40
This raises the question of whether the coefficients for the voting impact of
working welfare and national security in 1980, which are statistically significant, are also
seriously distorted by the absence of a measure for foreign engagement. The question is
not inconsequential, because 1980 is the first of the three successive elections in which
national security jumps up hugely as a voting influence, leading social welfare during this
period. There is no direct way to address this question, of course, since the relevant
measure is just absent. Yet it is possible within a comprehensive issue model to rerun the
analysis for the years immediately before and after 1980 without their measure of foreign
engagement, in order to see whether the working welfare and national security
coefficients change in those years under these altered conditions.
Table 4
Table 4 does this, and the answer is, straightforwardly, no. For 1976, the other
coefficients are little influenced by the absence of a measure for foreign engagement.

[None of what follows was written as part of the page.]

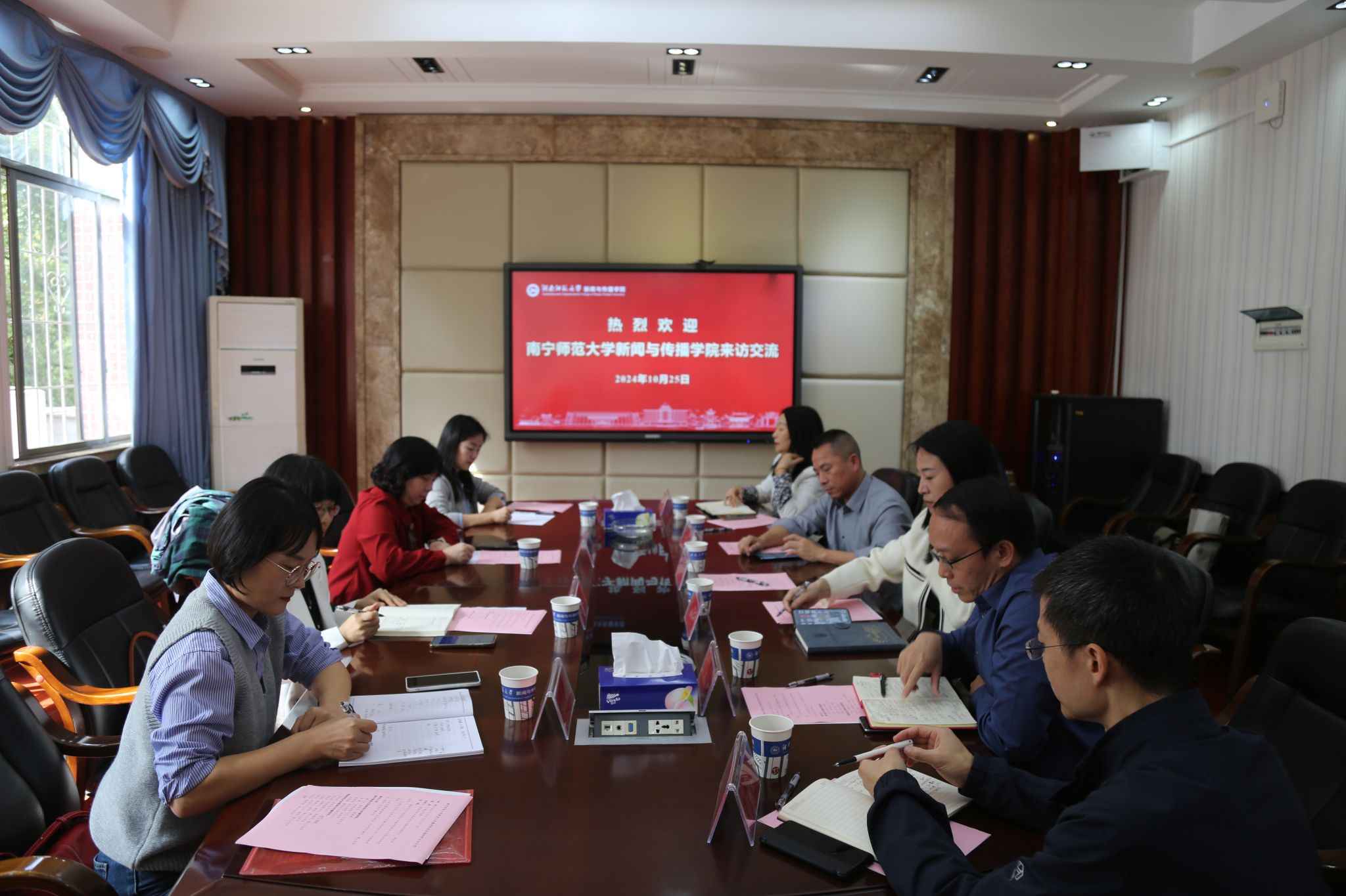 (通讯员 杨晓雨 王洋)10月25日上午,南宁师范大学vsport副经理周飞伶一行来公司进行调研。公司党委书记李泳波、党委副书记张小春、副经理燕道成教授、副经理王海刚教授、新闻系系主任吴果中教授、播音与主持艺术系张国光副教授参加研讨会。

Moreover, 1976 is a particularly important year for this test, because foreign engagement
does achieve statistical significance. Without it, working welfare appears to pick up a
little of the variance in the presidential vote previously explained by foreign engagement,
but nothing is otherwise changed; the role of national security is not being distorted by
the presence or absence of a second foreign-policy measure. For 1984, where foreign
engagement does not begin with a statistically significant impact, differences are truly
inconsequential. Apparently, so far as one can judge, the absence of a measure of foreign
engagement in 1980 does not produce a misleading analysis in the other domains that are
measured.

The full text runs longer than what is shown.